Mortgage and credit card enquiries accelerate in Q3 while demand for personal loans eases

|

Veda Quarterly Business Credit Demand Index: September 2013

Mortgage and credit card enquiries accelerate in Q3 while demand for personal loans eases

  • Overall consumer credit demand rises 7.4% year on year
  • Mortgage enquiries up 9.7% year on year
  • Personal loan enquiries up 2% year on year
  • Credit card enquiries up 13.7% year on year

Download Infographic

Sydney, 24 October, 2013:  Veda, Asia-Pacific's leading provider of consumer and commercial data intelligence and insights today released the results of its consumer credit demand index for the third calendar quarter of 2013.  The index, which measures the change in consumer credit demand for the September quarter compared to the same period in 2012, showed that overall demand increased by 7.4% over the past year, up from 5.4% in the June quarter and the strongest quarterly result since 2006.
Overall mortgage enquiries increased to 9.7% in the September quarter, up from 7.9% in the June quarter, which at that time was the largest increase since June 2010.  The trend in the housing market continues upwards, with record low interest rates and improved consumer confidence providing impetus. Growth in mortgage enquiries has proven to be a six to nine month lead indicator of housing turnover and price growth. 
However, growth in mortgage enquires were not uniform across all states.  The most significant growth was in NSW (+14.4%) and SA (+11.6).  Growth in WA (+10.1%) also remained strong, however growth has slowed from being up 15% in the June quarter.

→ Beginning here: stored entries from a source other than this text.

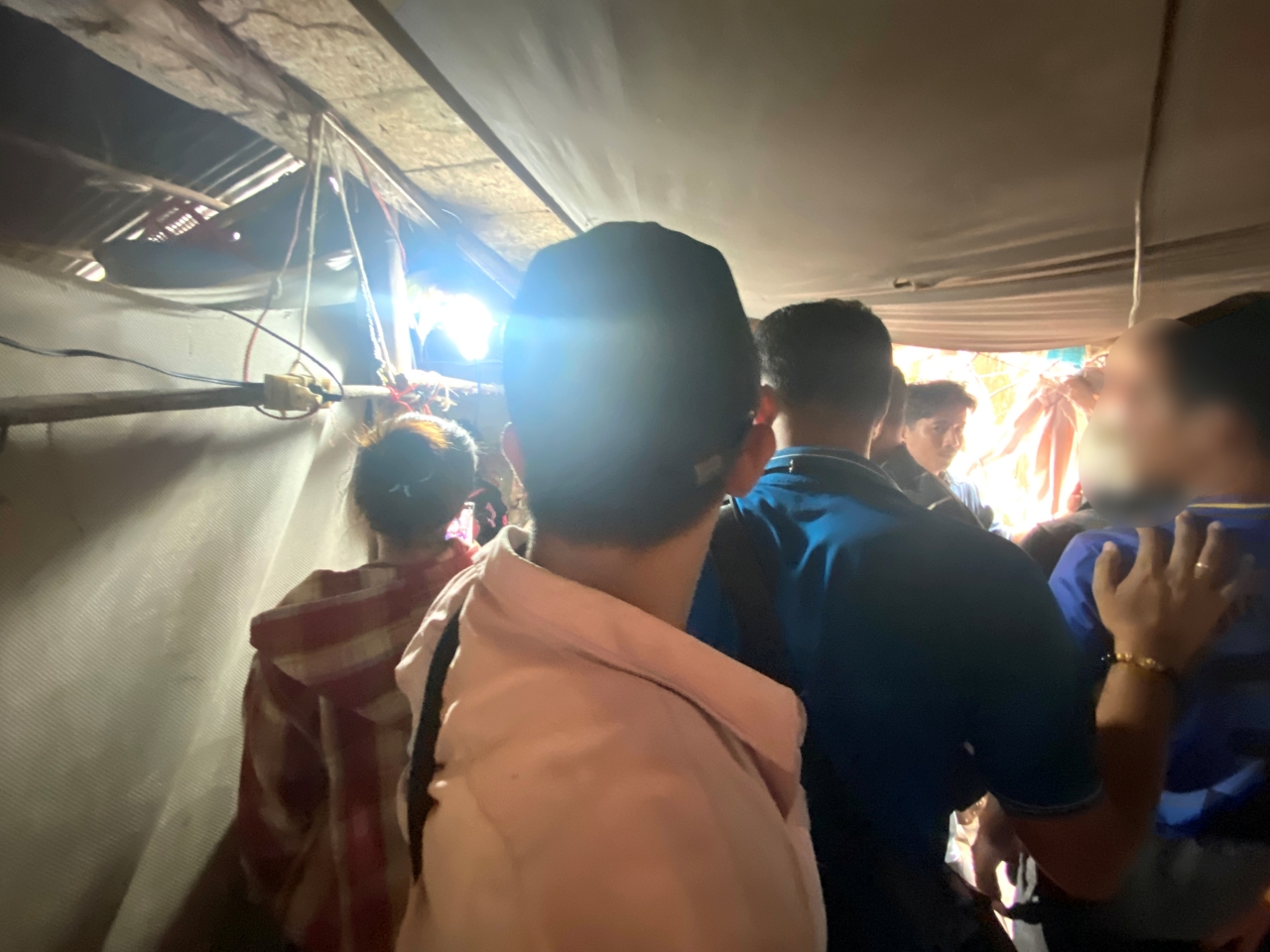 Căn nhà nằm ngay dưới dạ cầu, gần khu chợ đông đúc nên khi nhóm người kéo đến, không khí khu vực này trở nên nhộn nhịp hẳn. Người dân xung quanh tò mò đứng xem, bàn tán xôn xao.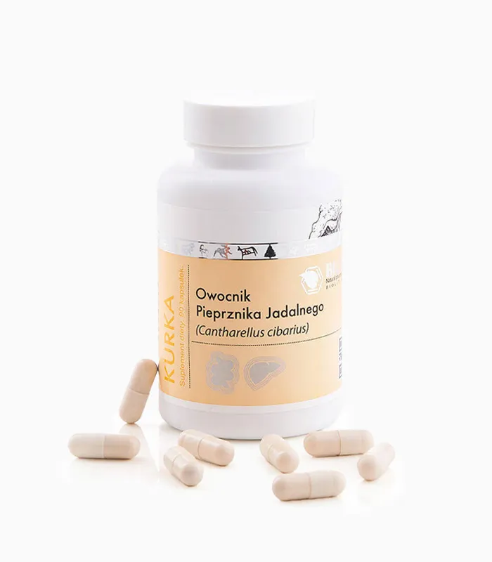 Kurka, znana także jako pieprznik jadalny, to suplement diety w kapsułkach, zawierający sproszkowany owocnik tego cennego grzyba. Kurki są cenione za swoje wyjątkowe właściwości i wartości odżywcze, które od dawna są wykorzystywane zarówno w kuchni, jak i tradycyjnej medycynie. Suplement ten jest doskonałym wyborem dla osób chcących wzbogacić swoją dietę o naturalne składniki roślinne. Dzięki sproszkowanej formie w kapsułkach, produkt jest wygodny w użyciu i można go przyjmować o dowolnej porze dnia.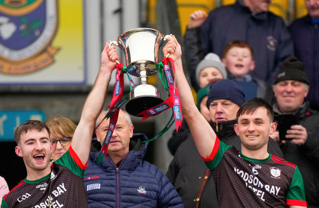 Paul McGrath and Brian Stick lift the trophy. James Lawlor/INPHO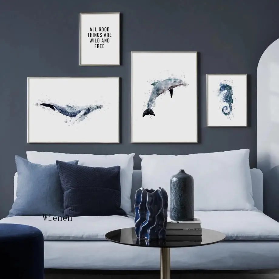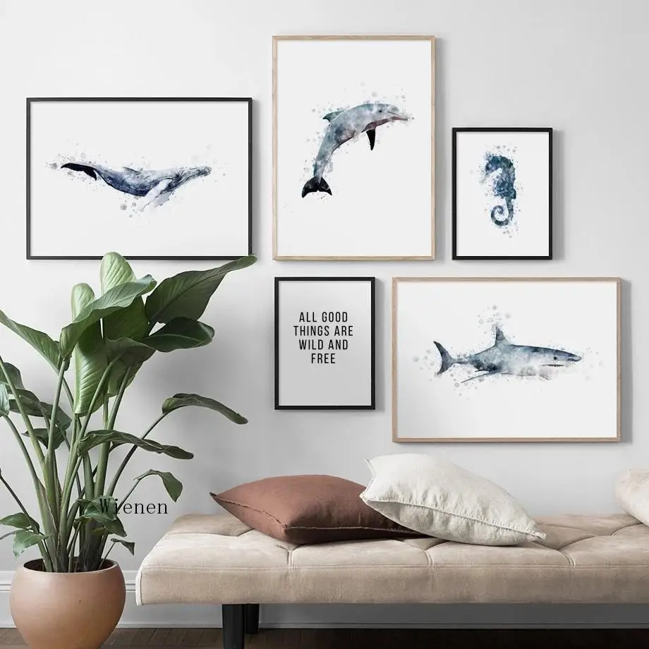 Акула Дельфин КИТ морская лошадь холст картины скандинавские настенные художественные плакаты и принты настенные картины для гостиной украшения дома

Elsewhere, enquiries in VIC (+8.4%) have picked up strongly, while enquiries growth is less strong, but remains positive in QLD (+4.7%), TAS (+3.1%), ACT (+2.4%), NT (+0.7%).
“With the results in the September quarter we have now seen eight consecutive months of mortgage demand growth, with the rate of growth increasing across 2013,” said Angus Luffman, General Manager of Consumer Risk at Veda.
“During the last 18 months we have also seen a continuing trend of a greater proportion of enquiries from the 45+ age bracket. This tends to support other commentary and data indicating that the growth in housing market activity is being driven by increased housing market participation by investors rather than owner-occupiers. ”
The Veda Consumer Credit Demand Index personal loan and credit card data has also historically provided an early indication of movements in consumer spending and retail sales.  For personal loan enquiries annual growth eased nationally from 7.7% to 2.0% in the September quarter.  Weakness in personal loan enquiries has been particularly apparent in QLD (+0.2%), and TAS (+0.3%), with WA (+1.1%), VIC (+3.3%), NSW (+1.9%) and the ACT (+2.7%) also relatively weak.  In contrast, growth was stronger in SA (+5.6%), and the NT (+12.8%).
“In terms of consumer credit, personal loan enquiries continue to slow after a number of quarters of very strong growth. It also appeared there was a slow-down in car loan enquiries in the weeks around the Federal election in September,” said Luffman. 
“Credit card enquiries, however, jumped 13.7% compared to the previous year and the trend towards unsecured credit being taken as personal loans rather than on credit cards was reversed in the September quarter with credit card enquiry growth over six times that of personal loans.”
Credit card enquiries picked up strongly in the September quarter.  Nationally, annual growth in credit card enquiries accelerated from 2.9% in the June quarter to 13.7% in the September quarter.  Very strong annual growth in credit card enquiries of over 25% was recorded in SA (+25.2%) and the ACT (+27.7%).   However, strength was seen across all states in the September quarter:  NSW (+15.7%), VIC (+9.7%), QLD (+11.5%), WA (+12.7%), TAS (+8.4%), and the NT (+14.4%).
“The September quarter is seasonally a low demand quarter as consumers pay down balances ahead of taking on additional credit in the months before Christmas.”
 “The September quarter 2013 results were driven in part by some discrete marketing campaign activity by lenders but regardless were unseasonably strong. A weaker than usual 2012 September quarter also contributed to the year on year result,” said Luffman.